What it’s like to live in “the hole”


Journalist Barrett Brown has been spending time in prison and I have written before about how he ended up in this situation. I have also linked to his articles from prison and they are always fascinating because he is a really good writer. His latest missive gets into the nitty-gritty of what life is like in solitary confinement.

Partly as a consequence of my natural rambunctiousness, I’ve spent a total of five months over the past few years of incarceration being held in 23- to 24-hour-a-day Special Housing Unit confinement cells, collectively and informally known as “the hole,” at three different prisons and in stints ranging from six to 60 days.

The chief thing to keep in mind is that dungeons vary.
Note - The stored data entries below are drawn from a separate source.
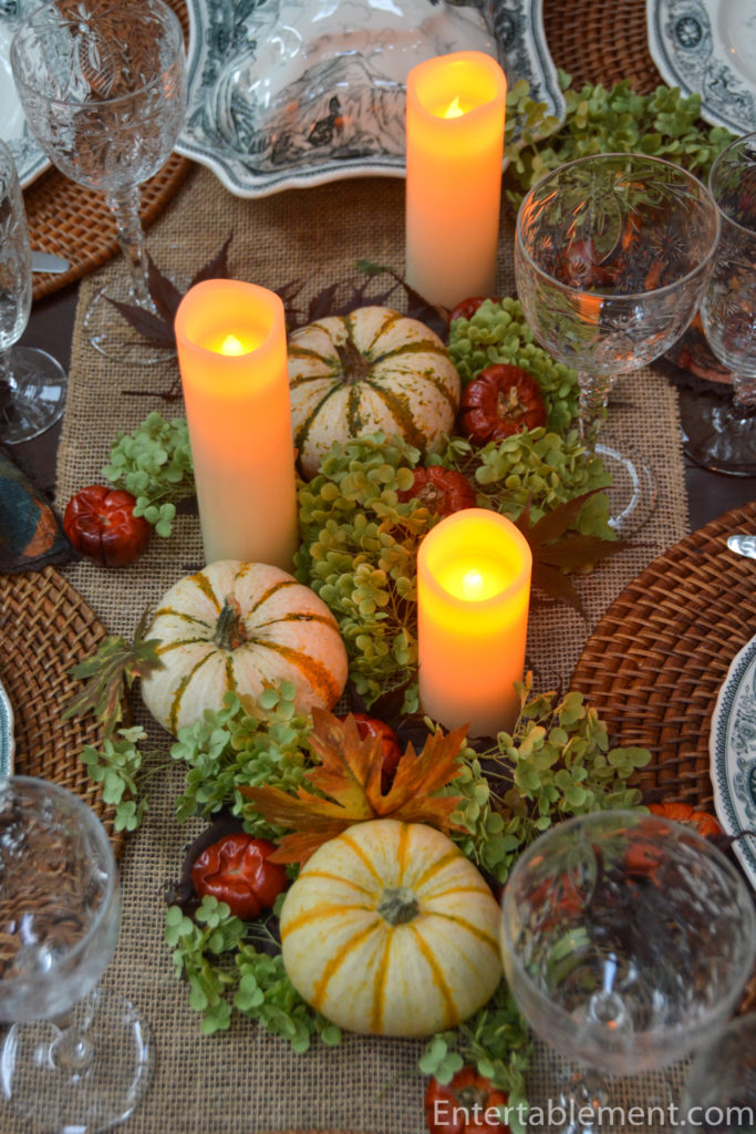 The centrepiece was easy. Plonk down the very forgiving burlap runner from Save on Crafts. Start with pumpkins from the grocery and a set of flameless candles in varying sizes from Amazon (complete with remote control – I feel like Dumbledore when plying the remote). Fill the remaining space with snips of Annabelle Hydrangea from the garden, a few silk leaves and small dried pumpkins (a vase filler from Pottery Barn several years ago).
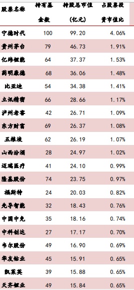 持仓市值TOP20个股
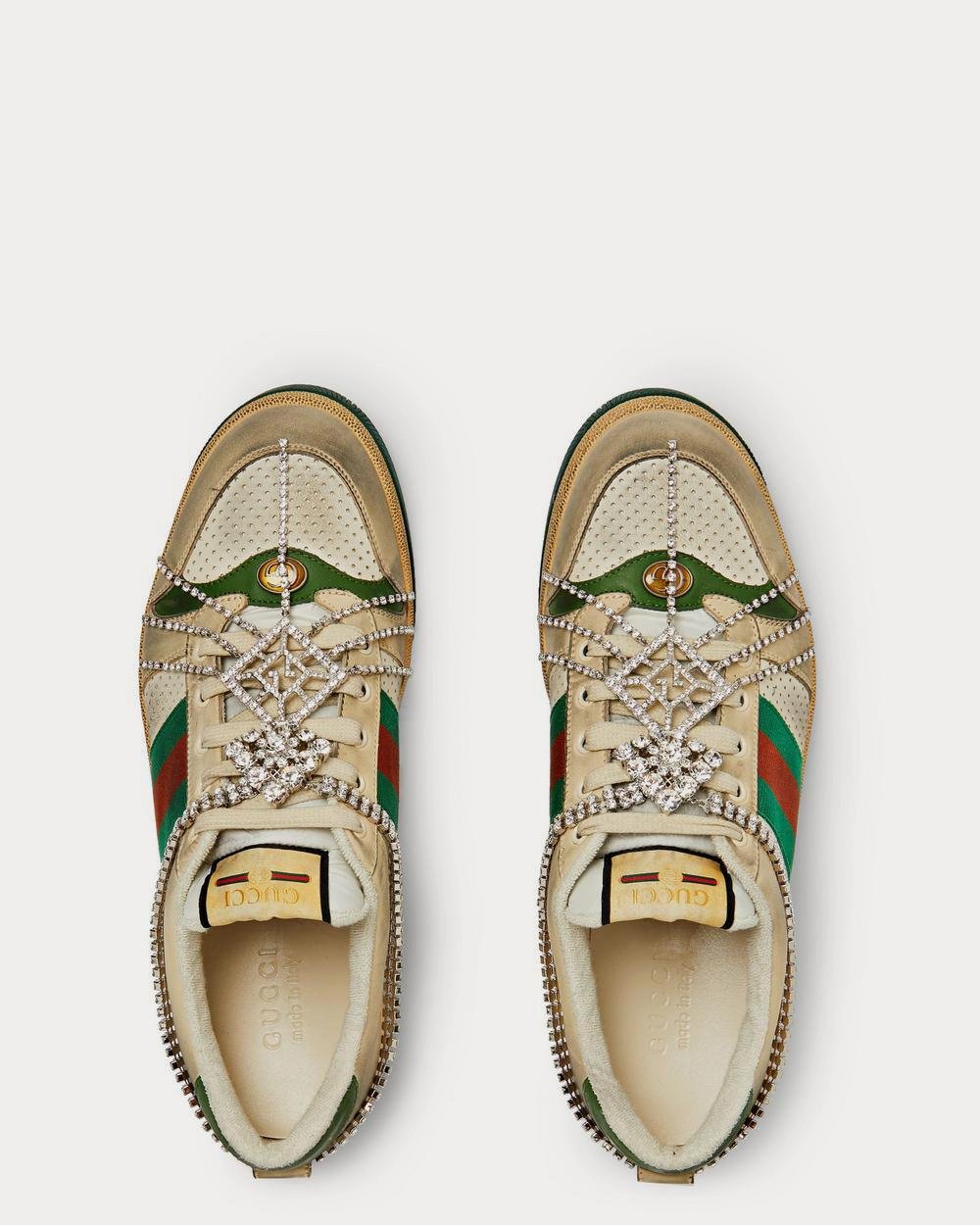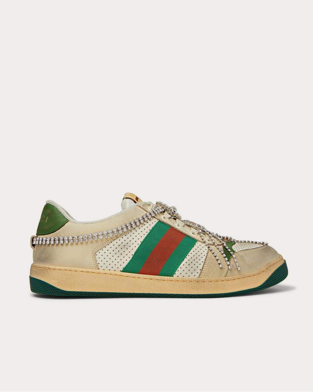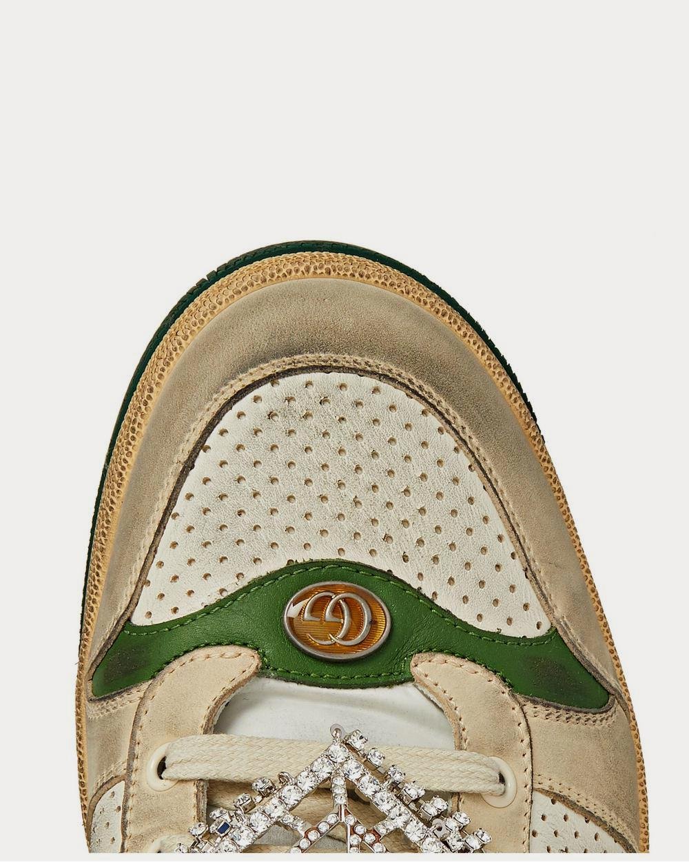 Baskets basses blanches Gucci Virtus en cuir vieilli orné de cristaux et de sangles
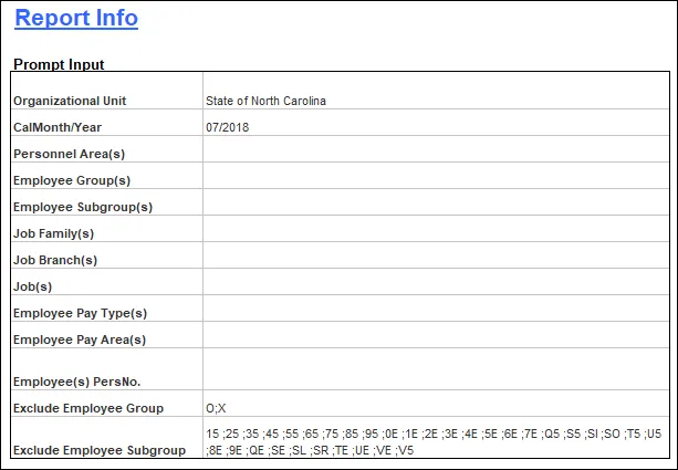 Report Info: displays the information about the prompts entered.
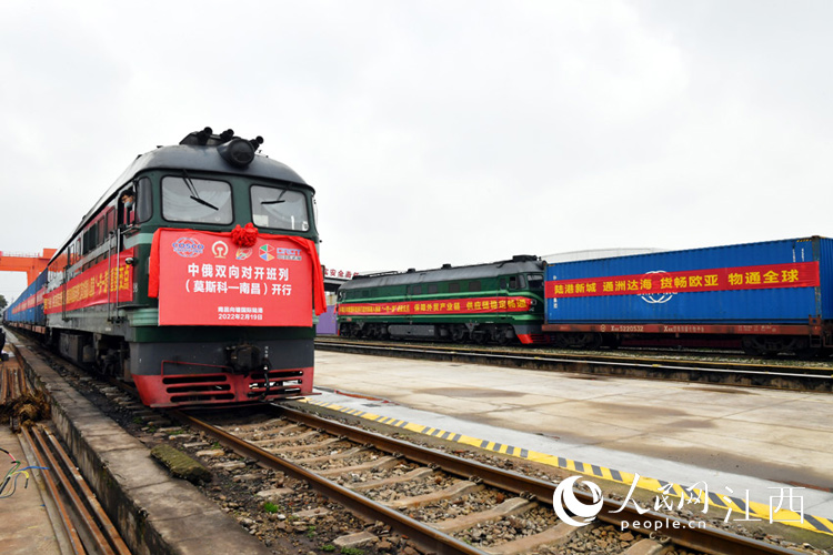2月19日,2022年江西省首列中俄雙向?qū)﹂_班列(南昌—莫斯科)在南昌向塘國際陸港成功到發(fā)?!皩﹂_班列”的開行將大大提高集裝箱周轉(zhuǎn)效率,降低企業(yè)運輸成本。 人民網(wǎng) 時雨攝
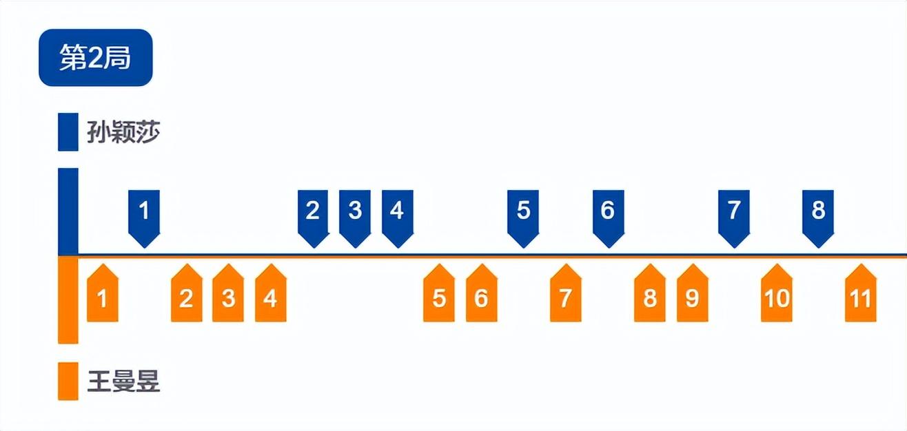 第二局王曼昱4-1領先,孫穎莎追到4-4,王曼昱6-4再度領先,隨後7-5、9-5,10-7拿到局點,第二局王曼昱11-8扳平大比分。

The most fundamental division lies between those in which inmates are kept singly in cells along a corridor set off from the rest of the prison and purposefully denied human contact to one extent or another, and those in which two prisoners are kept together in such cells, usually with a window or metalwork grill on the door through which inmates can communicate with others in their corridor via the age-old medium of shouting.

Even within these two categories, one finds a great deal of variation from institution to institution, but day-to-day SHU life at FCI Fort Worth should make for a useful baseline. There, a weekday begins at 6 a.m. when the lights in one’s cell come on. A few minutes later the rectangular slot in one’s door is unlocked and a guard pushes in a plastic tray containing breakfast along with a couple of little plastic bags of milk. It’s rather dehumanizing, this matter of having to drink milk out of bags like a common Canadian, but getting breakfast in bed every day makes up for it. Fifteen minutes later the guard comes back and takes up the trays, and then one of his colleagues will walk down the hall jotting down the names of those who want to go outside for one’s permitted daily hour of weekday recreation. Having compiled the list, the guard goes back to his station and tries to arrange things such that incompatible inmates aren’t placed together in the same recreation cage. This sort of reminds me of the old riddle about the farmer who has a fox and a rooster and a bag of corn but can only take one at a time across the river in his boat and the fox will eat the rooster and the rooster will eat the corn if either pair is left together unattended (the solution, incidentally, is to shoot the fox, because it’s a fox).

And so on. It is quite funny. His ability to wring humor out of a bleak situation reminds me of P. G. Wodehouse when he was interned in France by the Germans during World War II, though of course their writing styles are very different.